The Xi (Western) Jin (265–316/317 ce)
The Xi Jin was a period of relative order and prosperity, a short interlude between the turbulent age of the Sanguo and the devastating foreign invasions. The empire had been nominally reunited (280 ce), and for a short time the central government attempted important fiscal and political reforms, mainly intended to curb the great families that threatened the ruler’s authority. Contacts with the oasis kingdoms of Central Asia and the Indianized states of the far south (Funan and Champa) were resumed, and in 285 the Jin court even sent an envoy to distant Fergana in Central Asia to confer the title of king on its ruler—a grand imperial gesture reminiscent of the great days of Han. But this ghost of the Han empire disappeared almost as soon as it had been evoked. Within two decades the Jin disintegrated through the struggles of rival clans. There followed an internecine war between the various Sima princes, collapse of the central government, decentralized military control of the provinces, famine, large-scale banditry, and messianic rural movements.
The era of foreign invasions and rule
For the first time the power vacuum was filled by non-Chinese forces. In 304 a Sinicized Xiongnu chieftain, Liu Yuan, assumed the title of king of Han and started the conquest of northern China. Operating from bases in western and southern Shanxi, the Xiongnu armies, supported by local Chinese rebels, conquered the ancient homeland of Chinese civilization; the fall and destruction of the two capitals, Luoyang (311) and Chang’an (316), ended Chinese dynastic rule in the north for centuries. Although in the far northeast, in present-day Gansu, and in the inaccessible interior (Sichuan), Chinese local kingdoms did occasionally succeed in maintaining themselves for some time, the whole North China Plain itself became the scene of a bewildering variety of foreign states, collectively known in Chinese historiography as the Shiliuguo (Sixteen Kingdoms).
The Dong (Eastern) Jin (317–420) and later dynasties in the south (420–589)
During the entire medieval period the lower Yangtze region—the former territory of Wu—remained the stronghold of a series of “legitimate” Chinese dynasties, with Jiankang as their capital. In 317 a member of the Jin imperial family had set up a refugee regime at Jiankang, consisting mainly of members of the exiled northern aristocracy. From the beginning the Jin court was completely at the mercy of the great landowning families.

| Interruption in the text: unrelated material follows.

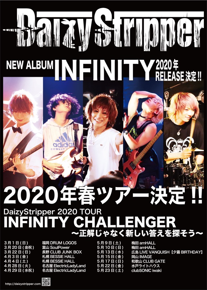 DaizyStripperが2020年、ニューアルバム『INFINITY』をリリースすることが発表となったことに加え、同年春より全国ツアー<DaizyStripper 2020 TOUR INFINITY CHALLENGER 〜正解じゃなく新しい答えを探そう〜>を開催することが決定した。

Government in the Chinese south became a kind of oligarchy exercised by ever-changing groups and juntas of aristocratic clans. The so-called Six Dynasties were politically and militarily weak and constantly plagued by internal feuds and revolts. (The six were actually five—Dong Jin, 317–420; Liu-Song, 420–479; Nan [Southern] Qi, 479–502; Nan Liang, 502–557; and Nan Chen, 557–589—and all but Dong Jin are also known as Nanchao [Southern Dynasties] in Chinese history; the earlier kingdom of Wu, 222–280, is counted as the sixth dynasty.) Their annihilation (in 589) was postponed only by the internal division of the north and by the protection afforded by the Yangtze. To the very end, their opposition to the north remained alive, but occasional attempts to reconquer the ancient homeland were doomed to failure. The final reunification of China was to start from the northern plains, not from Jiankang.
Although politically insecure, these dynasties were characterized by cultural brilliance: in literature, art, philosophy, and religion, they constituted one of the most creative periods in Chinese history. They reached their highest flowering under the long and relatively stable reign of the great protector of Buddhism, Wudi (reigned 502–549), the first emperor of the Nan Liang dynasty.